- RECORDS TO USE:
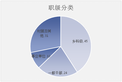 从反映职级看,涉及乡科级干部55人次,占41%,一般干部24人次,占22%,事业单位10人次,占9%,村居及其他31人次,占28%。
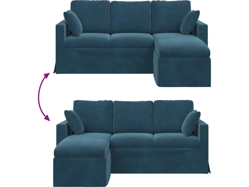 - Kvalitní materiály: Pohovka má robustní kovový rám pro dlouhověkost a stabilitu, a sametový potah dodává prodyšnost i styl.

* * *

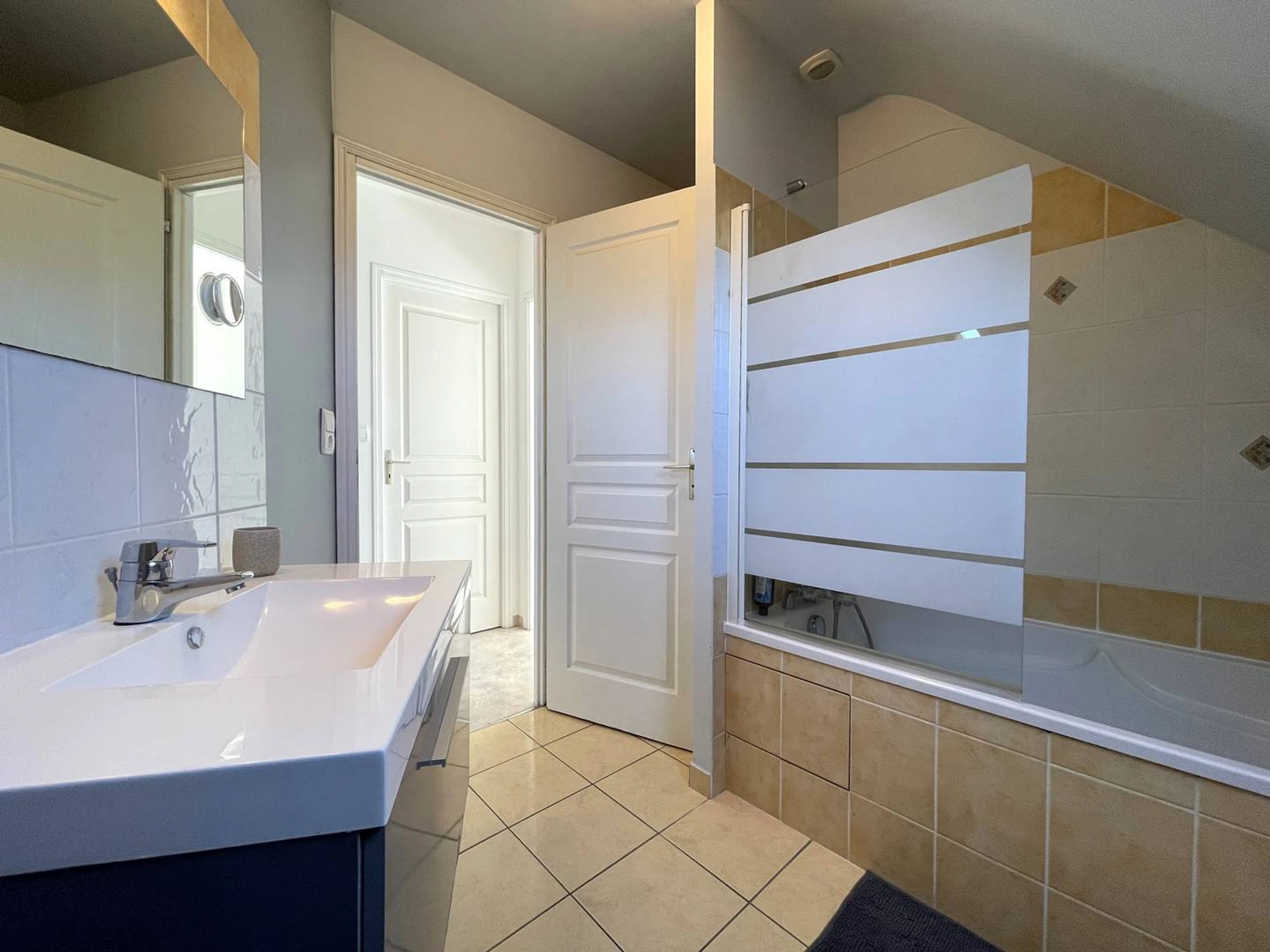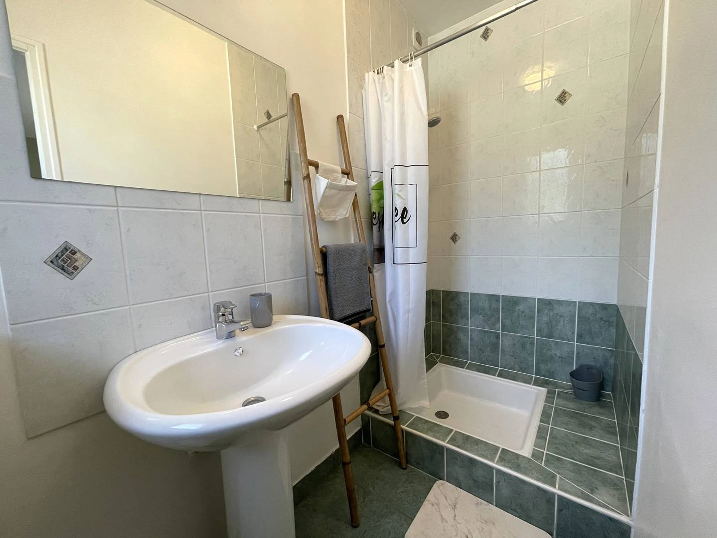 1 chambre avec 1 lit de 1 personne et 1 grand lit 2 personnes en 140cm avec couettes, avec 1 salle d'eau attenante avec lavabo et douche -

* * *

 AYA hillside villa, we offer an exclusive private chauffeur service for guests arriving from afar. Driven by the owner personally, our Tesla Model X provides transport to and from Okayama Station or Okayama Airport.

- AIM OF THE TASK:
In the data above, find the line containing "从反映职级看,涉及乡科级干部" and the line containing "- Kvalitní materiály: Pohovka". Copy exactly the stretch from the first through the second, both included, leaving out any picture.

- WRITTEN ANSWER:
 从反映职级看,涉及乡科级干部55人次,占41%,一般干部24人次,占22%,事业单位10人次,占9%,村居及其他31人次,占28%。
 - Kvalitní materiály: Pohovka má robustní kovový rám pro dlouhověkost a stabilitu, a sametový potah dodává prodyšnost i styl.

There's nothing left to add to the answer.